● **RECORDS TO PROCESS**:
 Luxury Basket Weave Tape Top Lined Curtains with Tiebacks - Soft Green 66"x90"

==

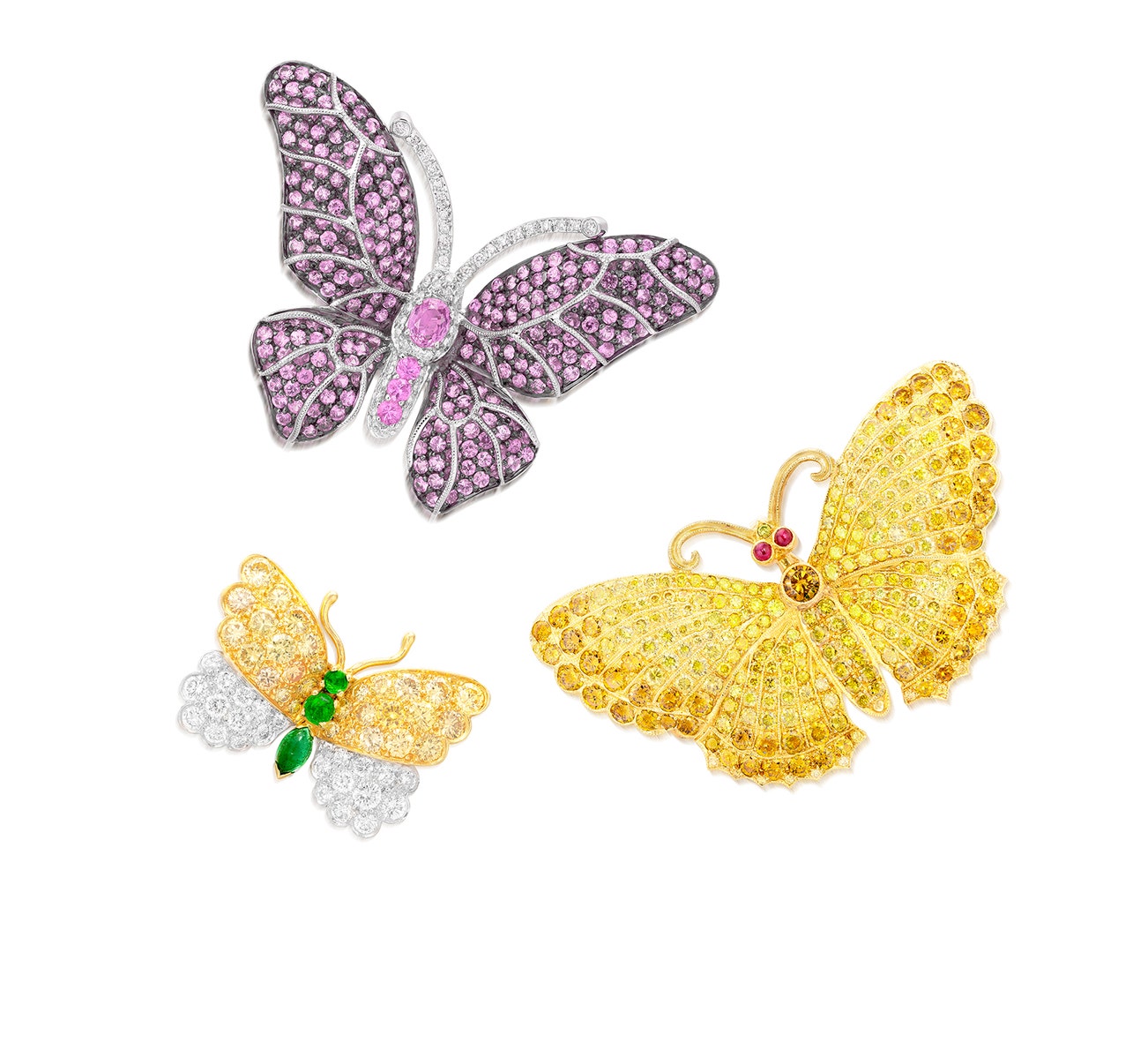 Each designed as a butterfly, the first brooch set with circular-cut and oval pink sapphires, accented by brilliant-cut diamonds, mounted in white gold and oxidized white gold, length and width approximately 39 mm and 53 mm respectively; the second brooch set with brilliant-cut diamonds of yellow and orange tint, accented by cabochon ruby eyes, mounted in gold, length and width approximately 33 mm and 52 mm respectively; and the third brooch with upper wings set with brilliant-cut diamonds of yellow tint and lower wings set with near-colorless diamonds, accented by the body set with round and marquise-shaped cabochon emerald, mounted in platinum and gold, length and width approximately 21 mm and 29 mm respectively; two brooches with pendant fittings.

--

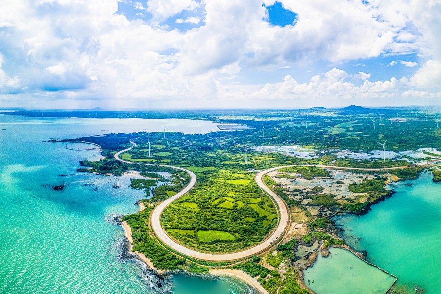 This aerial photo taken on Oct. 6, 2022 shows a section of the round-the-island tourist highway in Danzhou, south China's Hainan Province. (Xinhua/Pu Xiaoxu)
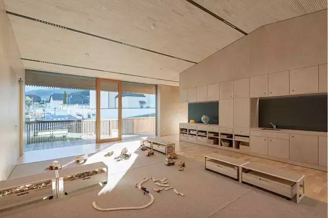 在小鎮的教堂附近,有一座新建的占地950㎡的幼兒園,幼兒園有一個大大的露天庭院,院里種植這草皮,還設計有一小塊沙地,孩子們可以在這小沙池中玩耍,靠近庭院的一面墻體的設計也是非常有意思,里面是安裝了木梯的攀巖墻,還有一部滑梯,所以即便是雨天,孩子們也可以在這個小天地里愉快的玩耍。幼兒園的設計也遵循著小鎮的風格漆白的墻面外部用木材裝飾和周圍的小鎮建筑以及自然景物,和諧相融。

● **WHAT NEEDS TO BE DONE**:
In the data above, the stretch from the line with "This aerial photo" through the line with "在小鎮的教堂附近,有一座新建" is to be returned exactly, minus any pictures.

● **ANSWER SECTION**:
 This aerial photo taken on Oct. 6, 2022 shows a section of the round-the-island tourist highway in Danzhou, south China's Hainan Province. (Xinhua/Pu Xiaoxu)
 在小鎮的教堂附近,有一座新建的占地950㎡的幼兒園,幼兒園有一個大大的露天庭院,院里種植這草皮,還設計有一小塊沙地,孩子們可以在這小沙池中玩耍,靠近庭院的一面墻體的設計也是非常有意思,里面是安裝了木梯的攀巖墻,還有一部滑梯,所以即便是雨天,孩子們也可以在這個小天地里愉快的玩耍。幼兒園的設計也遵循著小鎮的風格漆白的墻面外部用木材裝飾和周圍的小鎮建筑以及自然景物,和諧相融。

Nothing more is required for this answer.